Flickering Power to Radio from Main Circuit Breaker

In one of our matches at the LA regional last weekend, my team experienced a drop in comms after hitting the wall a little too hard. The robot did not reconnect until after the match ended (~20 seconds). The FTA who helped us mentioned that both the roboRIO and the radio rebooted, which he guessed was because of a power issue. Interestingly, our human player states he didn’t see anything flicker – including our blinding camera light (hard to miss).

Back in the pits, we stress tested the power, and were only able to replicate the power drop to the radio through flicks to the body of the main circuit breaker (not the red button). This caused only the radio’s power to flicker, nothing else. Even pounding other parts of the robot much harder did nothing, which causes me to doubt it’s a moving loose wire (another FTA also helpfully yanked on some likely connections – nothing). The problem persisted even after replacing the main circuit breaker with a new one from spare parts.

Essentially, I’m wondering if anyone can offer an alternate explanation to the match’s events, and/or a way to fix this problem. Could the FTA have been mistaken about the RIO also power cycling (which would make the breaker the main issue)? What can we do to prevent this?

Thanks for any help you can offer.

Just to clarify, do you have the radio connected to the VRM?

Yes, on 12V 2A

If the radio is lost/reboots during a match, the field monitor that the FTAs use will show both the radio and the roboRIO being disconnected. This does not necessarily indicate that the roboRIO rebooted as well, it may have just been the radio. If it was at the main breaker, there is a good change the roboRIO rebooted as well but without more data it is hard to tell.
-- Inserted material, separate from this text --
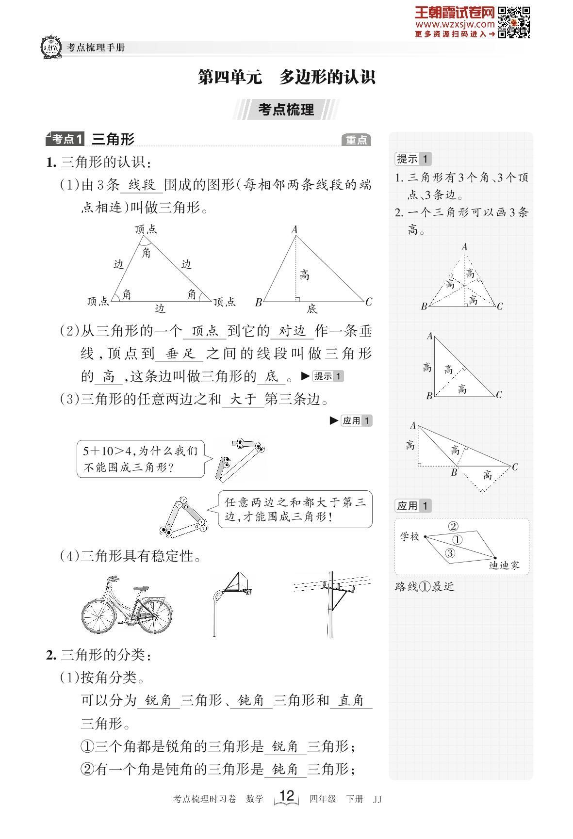 2023下册四年级数学冀教版 考点梳理手册——第四单元 多边形的认识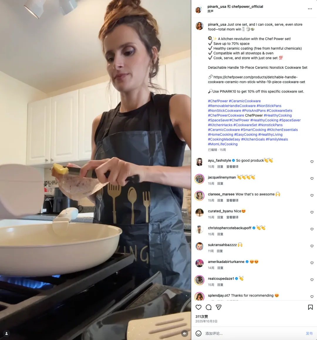 在红人合作上,Chef Power的选择同样延续了这一思路。它并没有把重心放在专业的评测KOL,而是更偏向家庭、美食、LifeStyle类创作者。尽管粉丝数量都不多,但因为她们的内容本身就建立在“可信日常”之上,因此互动率和粉丝信任感都是非常强。

As far as your human player not noticing anything flicker, the power drop was likely quick enough that a human would not be able to perceived any lights turning off.

It’s possible that it was just your radio that rebooted. The field logs indicate whether the field can connect to your radio and RIO, both of which will appear to go down even if just your radio goes down. The driver station logs should be more helpful in determining whether your RIO actually rebooted (since they should include the time since the RIO last rebooted when it comes online). Then again, the FTA should know this, so it’s possible that they noticed your RIO status lights change on the field, or something else.

For the human player thing – that’s definitely possible. Thinking back to our tests in the pits, I’m not sure I actually saw the radio lights flicker – only that several of them were lost and took some time to come back (comms i believe?) – the actual power light may have been too fast to see. I may be able to try the test again tomorrow and report back.

Are the driver station logs saved for an extended time? Since this was over the weekend (I believe Saturday), everything that could have been restarted likely has been. If they are more permanent, I can attempt to retrieve them tomorrow at our meeting. Our electronics plate is in our withholding allowance.
Figuring out when this occurred could be a bit difficult – posted match schedules were quite different from the real time, and our robot got rebooted quite frequently. Then again, I would probably notice about 10-20 reboots in fast succession if it occurred while we tested the problem.

Driver Station logs are saved forever.
If you haven’t cleaned them out yourself, then you can still see the very first time you ever connected this laptop Driver Station to the robot.

You should really clean the logs out (in Public Documents/FRC/Log Files) at least once a year to keep the clutter down.

What you describe is a typical loose fuse on the end of the PDP. Make sure they are fully seated. It takes a lot to push them in. It would help if you had a picture of the main breaker mounting. It is possible that your frame is somehow contacting the back of the breaker in some way that is giving a frame fault. Anytime both the radio and Rio reboot, you will be down for at least 20-30 seconds, the RSL will go off at the beginning and then come on full until reboot and field connect occur. At that time the RSL will start to flash and you will have full control.

Our team had a similar problem at CHS Greater DC - it turned out to be the connection from the battery to the main breaker and the connection from the battery wires to the battery poles. When we tightened these, the issues disappeared.